Friday, July 6, 2012

Guess who's coming to dinner?

On one wall of my office are pictures of "helpful people" -  according to Feng Shui they should be on this wall and no other. I have five of them, starting chronologically with Friedrich Nietzsche with a heavy moustache, his cheek on his hand, his piercing eyes averted. I have seen thos eyes before - I don't want them following me around the room. Then there's Emily Bronte, in her only known portrait, looking whistful and intense both. Below Emily on the wall is D.H.Lawrence, leaning against an adobe wall in Santa Fe, on one of the stops on his global search for the ideal place to live. To get to Steinbeck, you have to cross over a poster of Braveheart, because it is signed and it was given to me, and I am proud to have it, Laddie. If you don't stop with William Wallace in full war regalia, you'll find John Steinbeck leaning back against a tree with his travel dog Charlie. I would like to invite that five to dinner and call it a short story. I would seat Emily next to Friedrich, because she needed him so badly. Even though he was only three when she published "Wuthering Heights," he must have been a very sombre and intense little boy. By the time he needed her, she was already dead, so I could give them this moment in fictional history to meet and love, and leave together. Lawrence would interrupt them, of course. He'd be trying to plummet the mind of this man he already knew was a genius back in his youth in Nottinghamshire. If I were at the head of the table, I would be trying to overhear that conversation. I would have my question, too: But Friedrich, why did you live like a monk when you knew the only way to sanctity was the path of Dionysus? I'd have Steinbeck on my right, and I would like learn fom him the craft of the smooth sentence, the enthralling paragraph, the scalp-raising metaphor. I don't know where I'd put William Wallace. He would probably already be playing footsy with Emily under the table. They would have saved her, any one of those men, because all she needed was a good Fanfaronade, and we would have had a shelf load of books like "Wuthering Heights." Or maybe not. It's the paradox of the pain again; it's the subject Peter Shaffer grappled with in "Equus."

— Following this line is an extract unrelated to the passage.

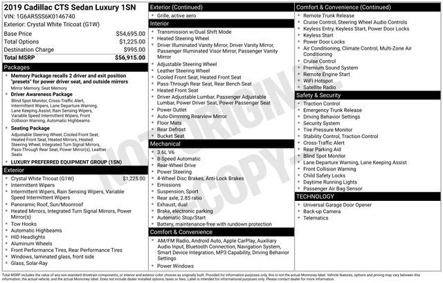 Crystal White Tricoat 2019 Cadillac CTS 3.6L Luxury RWD 8-Speed Automatic 3.6L V6 SIDI DOHC VVT
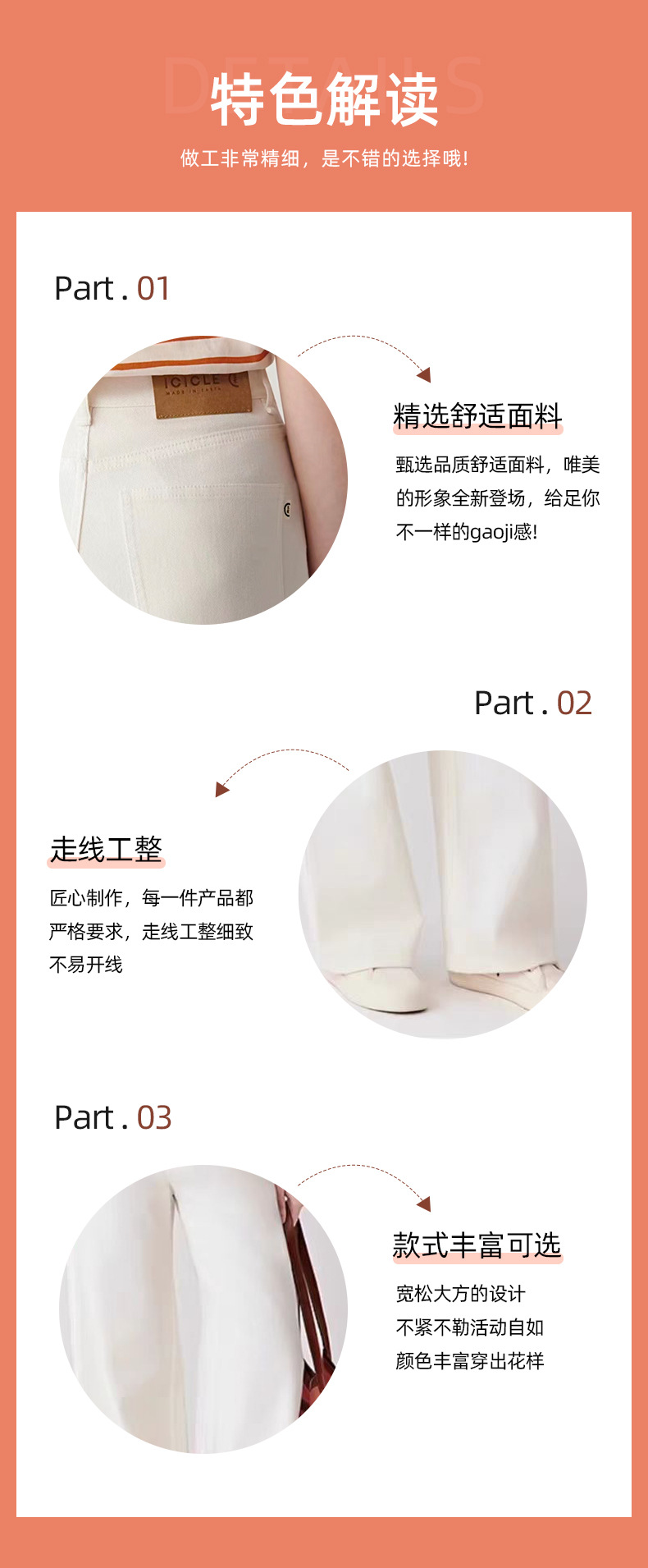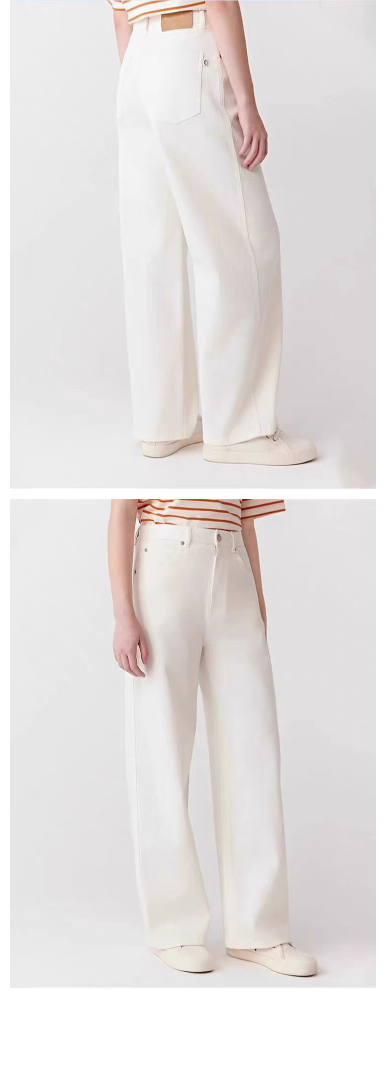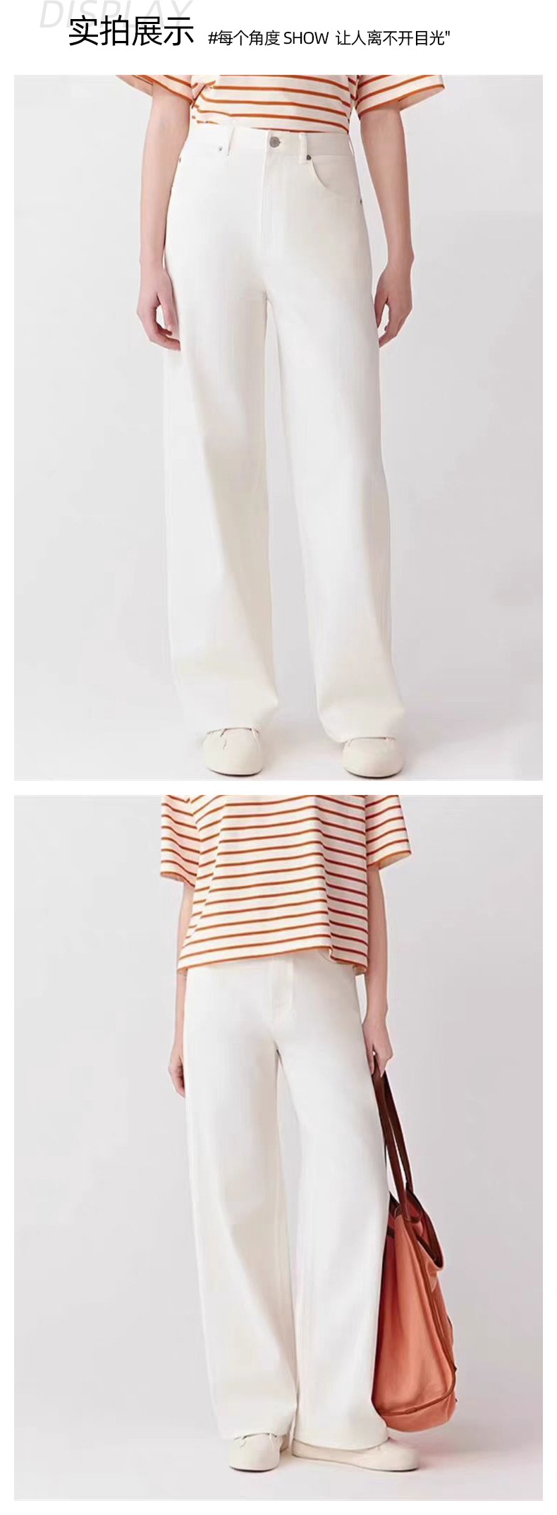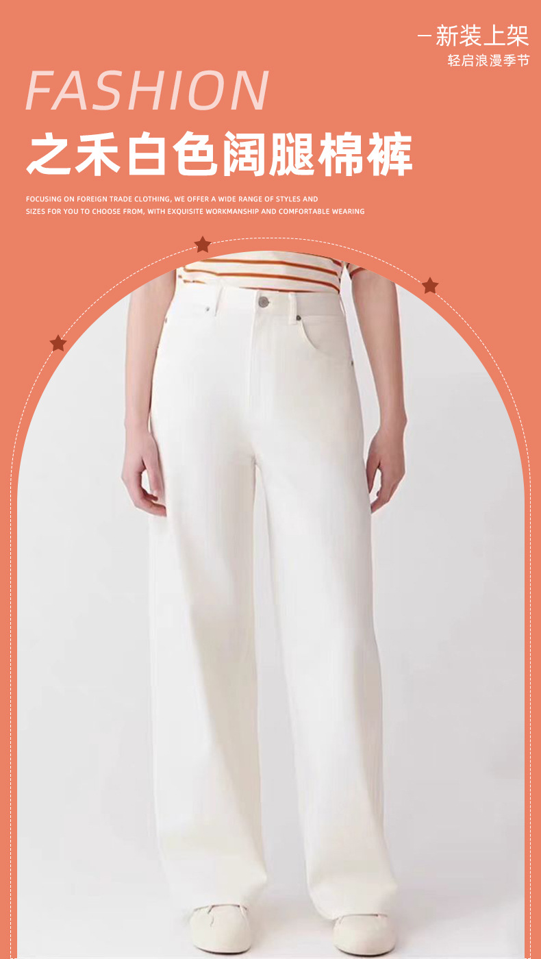 欧美跨境女士秋季新款棉弹牛仔布高腰阔腿牛仔裤白色显瘦休闲裤

I'm not a very good host of dinners. I have very little small talk myself. But I would go all out for these guests, try to steal a moment of levity for them. Emily would lay her consumption aside and revel in a death-by-chocolate dessert which she would lick off Friedrich's spoon. Friedrich would put his cataclysmic visions down by the foot of his chair and enage in a little flirtary. William could, just for this moment, step out of his role of defender of Scotland and sing a ballad by Robert Burns, whom I should also have invited, but there would have been no hope for Emily or for me. So, Burns had to stay downstairs with the maids, where he would be rejoicing with joy unspeakable. Steinbeck and I would take after-dinner port in the other room, talking until dawn about books and the role of the writer. I can't help being an egg-head. It comes naturally to me.